Task inputs:
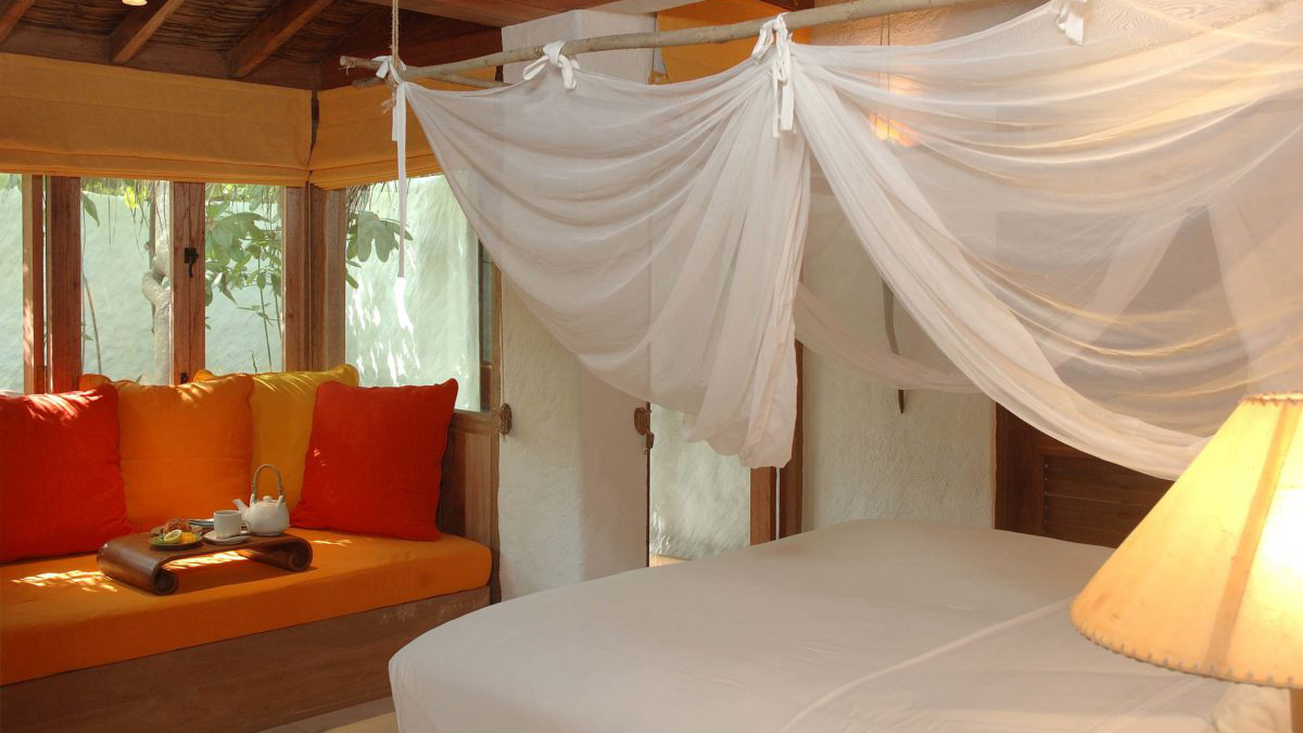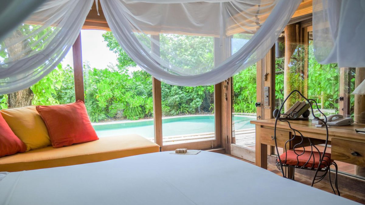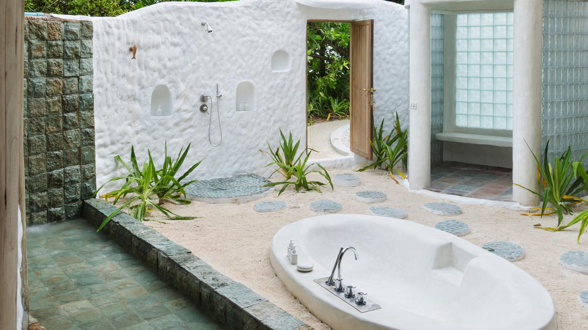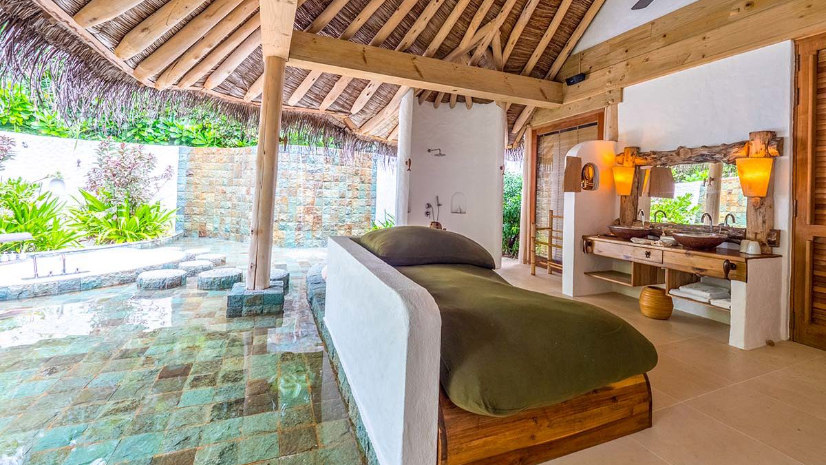 探索这个岛,或者如果你想在你的隐居处放松一下,你就有了奢侈的空间。除了拥有柔软的特大号天篷床的卧室外,您还拥有一间荒岛式的别致客厅、室外起居区和日间床、一个大型露天花园浴室和私人游泳池,以及岛周围的白沙和水晶水。
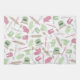 Una toalla de cocina que ofrece un diseño temático de cocinar que consiste en los mezcladores de la mano, mitones del horno, cuchara de madera, rodillos, espátula, bate, y estufa retra. El diseño tiene un esquema de color rosado y verde.
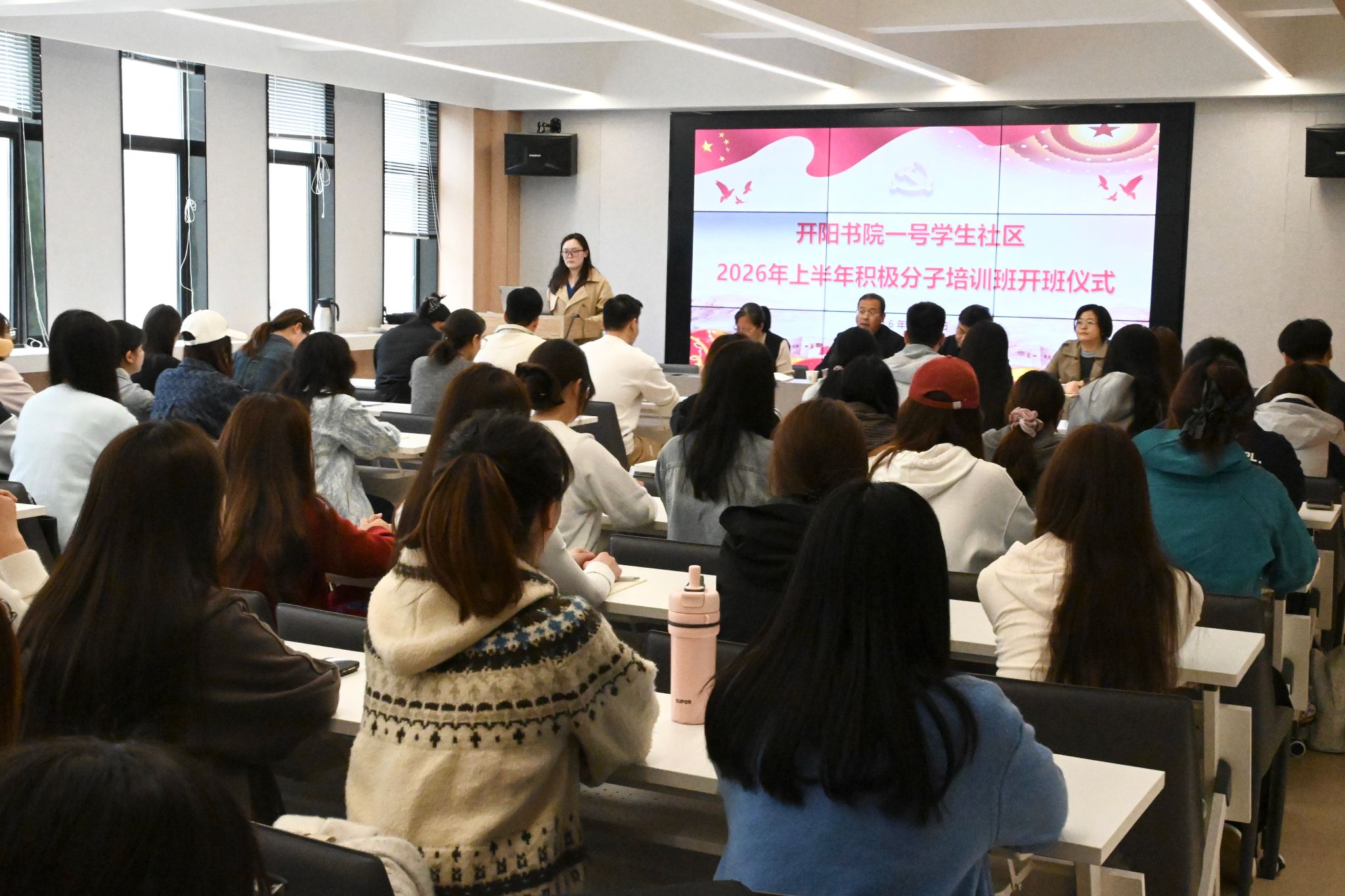 4月9日下午,开阳书院一号学生社区在青年讲堂举行2026年上半年入党积极分子培训班开班仪式。书院社区党委书记陈贯安、院长陈立栋、党委副书记池琳琳、刘杰及全体育人导师出席,2026年上半年入党积极分子参加,仪式由书院社区党委副书记池琳琳主持。
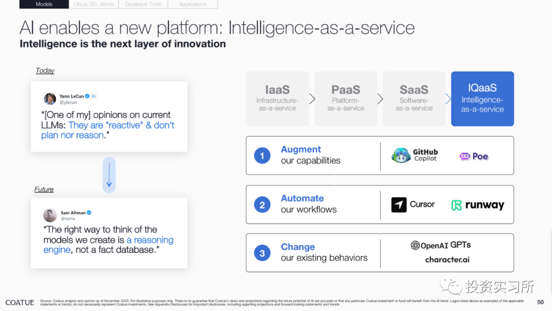Coatue 在其官方网站说,AI 正在改变技术堆栈,包括:
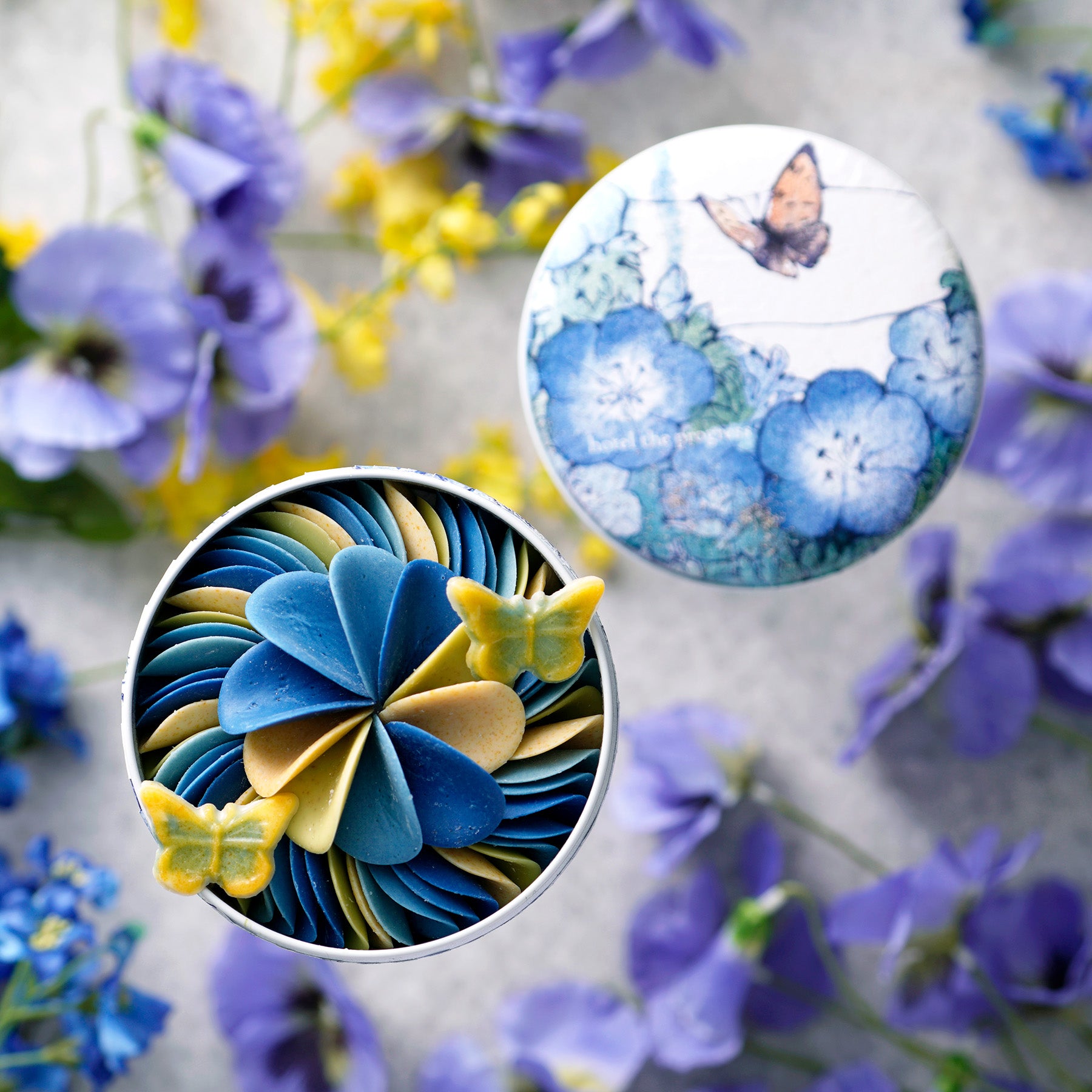 花弁にとまる蝶が、可憐で楽しげな情景を思わせます。蓋を開けた瞬間に広がる、空色の彩りと香りをお楽しみください。
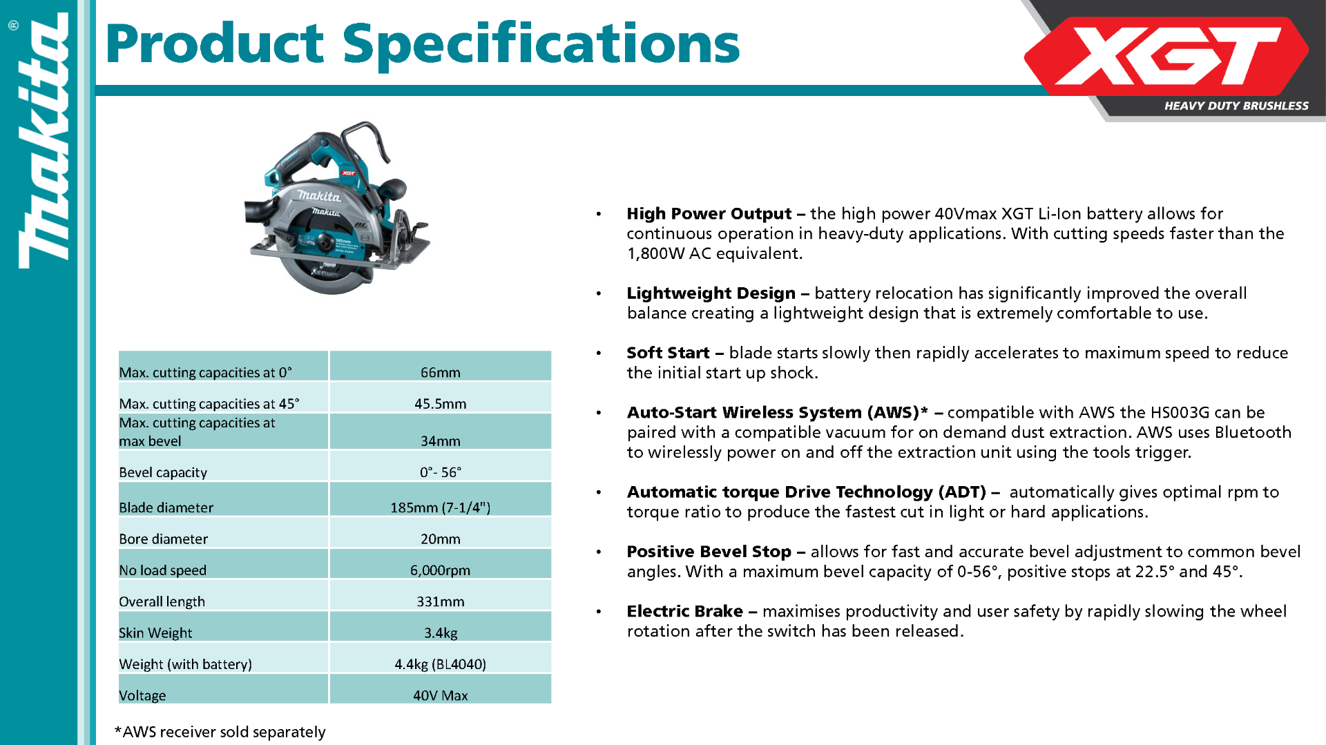 (1) 40Vmax XGT BL AWS ADT Cordless 190/185 mm (7-1/4") Magnesium Circular Saw

Task to carry out: Please ensure that the data above is repeated exactly, with no pictures in the copy.

Answer for this exercise:
 探索这个岛,或者如果你想在你的隐居处放松一下,你就有了奢侈的空间。除了拥有柔软的特大号天篷床的卧室外,您还拥有一间荒岛式的别致客厅、室外起居区和日间床、一个大型露天花园浴室和私人游泳池,以及岛周围的白沙和水晶水。
 Una toalla de cocina que ofrece un diseño temático de cocinar que consiste en los mezcladores de la mano, mitones del horno, cuchara de madera, rodillos, espátula, bate, y estufa retra. El diseño tiene un esquema de color rosado y verde.
 4月9日下午,开阳书院一号学生社区在青年讲堂举行2026年上半年入党积极分子培训班开班仪式。书院社区党委书记陈贯安、院长陈立栋、党委副书记池琳琳、刘杰及全体育人导师出席,2026年上半年入党积极分子参加,仪式由书院社区党委副书记池琳琳主持。
Coatue 在其官方网站说,AI 正在改变技术堆栈,包括:
 花弁にとまる蝶が、可憐で楽しげな情景を思わせます。蓋を開けた瞬間に広がる、空色の彩りと香りをお楽しみください。
 (1) 40Vmax XGT BL AWS ADT Cordless 190/185 mm (7-1/4") Magnesium Circular Saw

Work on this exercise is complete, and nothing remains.